===== RECORDED DATA

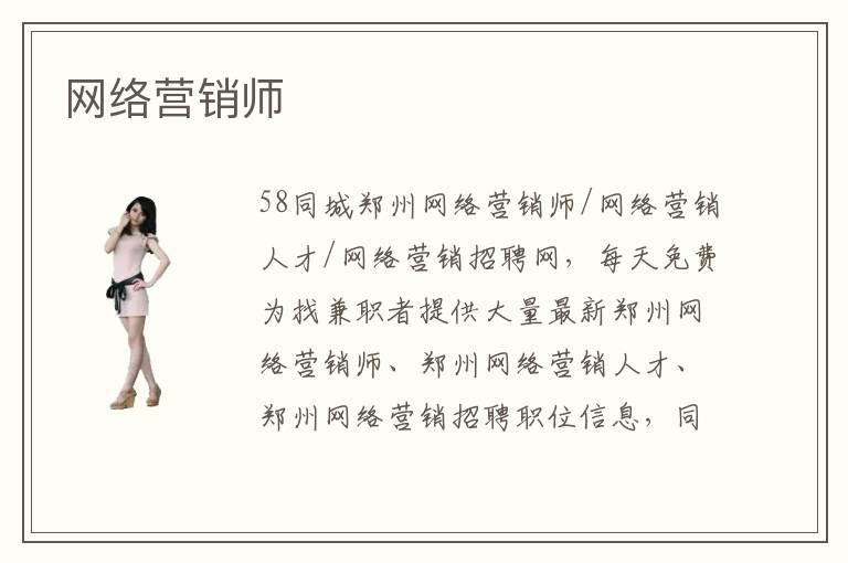 58同城鄭州網(wǎng)絡(luò)營銷師/網(wǎng)絡(luò)營銷人才/網(wǎng)絡(luò)營銷招聘網(wǎng),每天免費為找兼職者提供大量最新鄭州網(wǎng)絡(luò)營銷師、鄭州網(wǎng)絡(luò)營銷人才、鄭州網(wǎng)絡(luò)營銷招聘職位信息,同時為企業(yè)提供
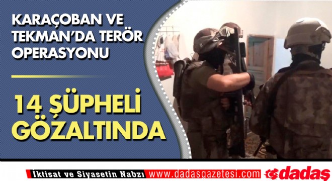 Gece yarısı Karaçoban, Tekman ve İstanbul’da farklı adreslere yönelik düzenlenen eş zamanlı operasyonlarda Karaçoban’da 8, Tekman’da 4, İstanbul’da da 2 şüpheli olmak üzere 14 şahıs gözaltına alındı.
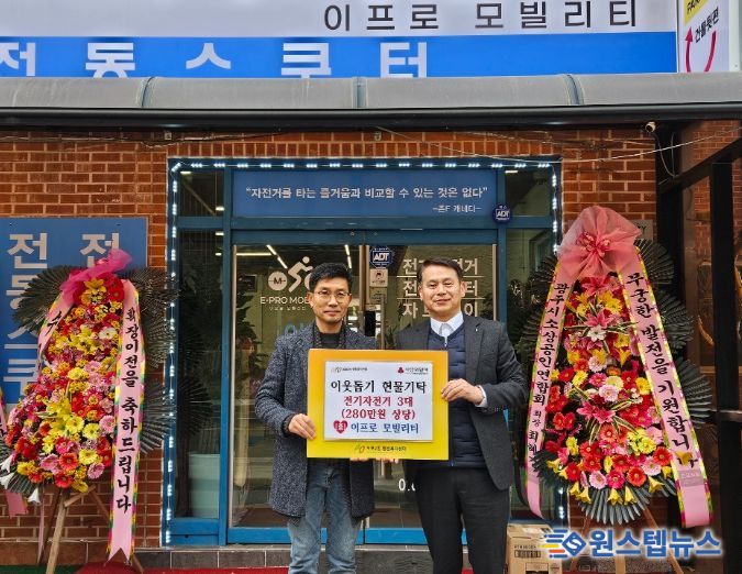 이번 기탁은 이프로 모빌리티가 최근 매장을 확장 이전하면서 지역사회로부터 받은 성원에 보답하고 이동에 어려움을 겪는 취약계층에게 실질적인 도움을 제공하고자 마련됐다. 기탁된 전기자전거는 이동 수단이 필요한 지역 내 이웃들에게 지원될 예정이다.

==========

WHAT YOU SHOULD DO :: With all pictures omitted, return the lines from the line containing "Gece yarısı Karaçoban, Tekman" through the closing line of the listing above, exactly and inclusive.

ANSWER ::
 Gece yarısı Karaçoban, Tekman ve İstanbul’da farklı adreslere yönelik düzenlenen eş zamanlı operasyonlarda Karaçoban’da 8, Tekman’da 4, İstanbul’da da 2 şüpheli olmak üzere 14 şahıs gözaltına alındı.
 이번 기탁은 이프로 모빌리티가 최근 매장을 확장 이전하면서 지역사회로부터 받은 성원에 보답하고 이동에 어려움을 겪는 취약계층에게 실질적인 도움을 제공하고자 마련됐다. 기탁된 전기자전거는 이동 수단이 필요한 지역 내 이웃들에게 지원될 예정이다.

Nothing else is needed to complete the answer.